Is it possible for this reordering to occur. Or is there a rule preventing it?

Mysterious answered 6/4, 2021 at 14:26 Comment(9)
Does this answer your question? At what point is code reordering in C++ optimization stopped?Alti
@Alti This unfortunately does not answer the question. Assuming the c++ standard is correctly defined, the "as-if" rule would of course hold. The question is whether the implied acquire/release reordering constraints on mutex operations are sufficient for this "as-if" rule to actually hold. From what I can find it does not.Mysterious
This might be an artefact of the simplification that cppreference applies to the ordering guarantees. The Standard mandates a synchronizes-with relation from unlock->lock on the same mutex, and from that, you can derive an inter-thread-happens-before relation to other operations.Windshield
Thanks for clarifying, retracted close vote. I agree "just the acquire and release" would not be enough to guarantee as-if behaviour. But it's pretty hard to prove either way. To me that's a case of "trust the compilers' engineers to have done their job well"Alti
I think normal sequence rule apply here? (mutex1.unlock() would sequence before mutex2.lock()) isn't memory_order most useful in multithread?Garold
But, also according to cppreference.com on std::lock, std::lock operates using an (unspecified) "deadlock avoidance algorithm". So maybe if you use mutex::lock and mutex::unlock directly your feared reordering might occur, but it won't if you use the std::lock family of objects to do the locking? (I'm not a standards document maven, so I hope someone will point out where in the standard this "deadlock avoidance" property of std::lock is spelled out, thanks in advance!)Reaganreagen
If we unwind the loads and stored that these operations are doing in real life, where mutex2.lock() involves an acquire load (or rmw) in a loop until the lock is available, then we see it's okay if one or several of those loads is reordered before the release store of mutex1.unlock(), just so long as that store completes eventually. Which it should do on any usable machine. Whether the standard's language formally guarantees this is another question, but I am sure they intended this code to work and not deadlock.Janeanjaneczka
The only significant difference between acquire/release atomics and mutexes is that mutexes guarantee "The lock and unlock operations on a single mutex appears to occur in a single total order."Windshield
"Assuming the c++ standard is correctly defined" a huuuuge assumption... There is nothing well defined in C/C++.Slumlord
D
5

Almost a duplicate: How C++ Standard prevents deadlock in spinlock mutex with memory_order_acquire and memory_order_release? - that's using hand-rolled std::atomic spinlocks, but the same reasoning applies:

The compiler can't compile-time reorder mutex acquire and release in ways that could introduce a deadlock where the C++ abstract machine doesn't have one. That would violate the as-if rule.
It would effectively be introducing an infinite loop in a place the source doesn't have one, violating this rule:

ISO C++ current draft, section 6.9.2.3 Forward progress

18. An implementation should ensure that the last value (in modification order) assigned by an atomic or synchronization operation will become visible to all other threads in a finite period of time.

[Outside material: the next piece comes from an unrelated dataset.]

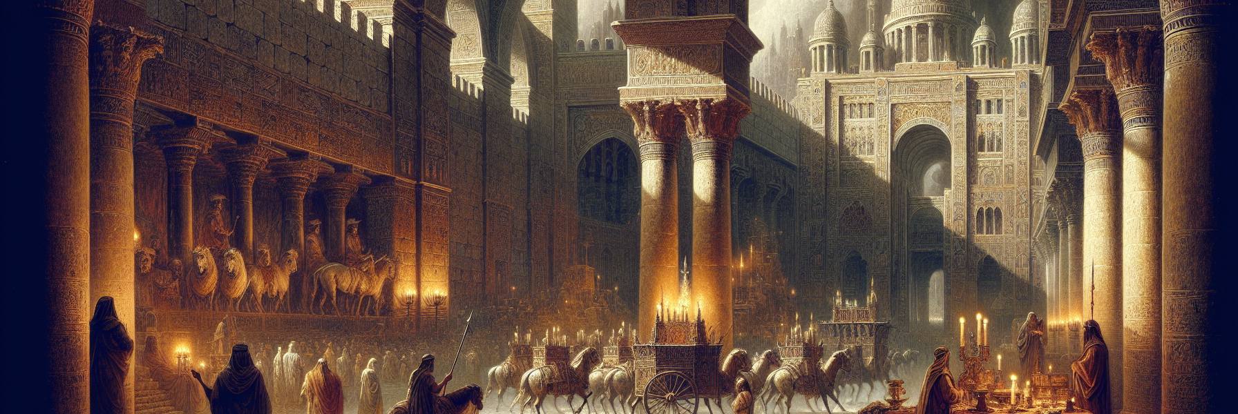 ネブカデネザルは、主の宮と王宮の宝物をことごとく奪い取った。ソロモンが苦心して造り上げた金の器物も、日常の務めに使われる青銅の器も、全てが戦利品としてバビロンへと運ばれていった。そして王は、エホヤキンとその母、妻たち、高官、この国の有力者たち一万人を捕囚として連れ去った。工匠や鍛冶に至るまで、残る者はただ貧しい民だけとなった。ネブカデネザルはエホヤキンの叔父マタンヤを王とし、名をゼデキヤと改めさせた。

The ISO C++ standard doesn't distinguish compile-time vs. run-time reordering. In fact it doesn't say anything about reordering. It only says things about when you're guaranteed to see something because of synchronizes-with effects, and the existence of a modification order for each atomic object, and the total order of seq_cst operations. It's a misreading of the standard to take it as permission to nail things down into asm in a way that requires mutexes to be taken in a different order than source order.

Taking a mutex is essentially equivalent to an atomic RMW with memory_order_acquire on the mutex object. (And in fact the ISO C++ standard even groups them together in 6.9.2.3 :: 18 quoted above.)

You're allowed to see an earlier release or relaxed store or even RMW appear inside a mutex lock/unlock critical section instead of before it. But the standard requires an atomic store (or sync operation) to be visible to other threads promptly, so compile-time reordering to force it to wait until after a lock had been acquired could violate that promptness guarantee. So even a relaxed store can't compile-time / source-level reorder with a mutex.lock(), only as a run-time effect.

This same reasoning applies to mutex2.lock(). You're allowed to see reordering, but the compiler can't create a situation where the code requires that reordering to always happen, if that makes execution different from the C++ abstract machine in any important / long-term observable ways. (e.g. reordering around an unbounded wait). Creating a deadlock counts as one of those ways, whether for this reason or another. (Every sane compiler developer would agree on that, even if C++ didn't have formal language to forbid it.)

Note that mutex unlock can't block, so compile-time reordering of two unlocks isn't forbidden for that reason. (If there are no slow or potentially blocking operations in between). But mutex unlock is a "release" operation, so that's ruled out: two release stores can't reorder with each other.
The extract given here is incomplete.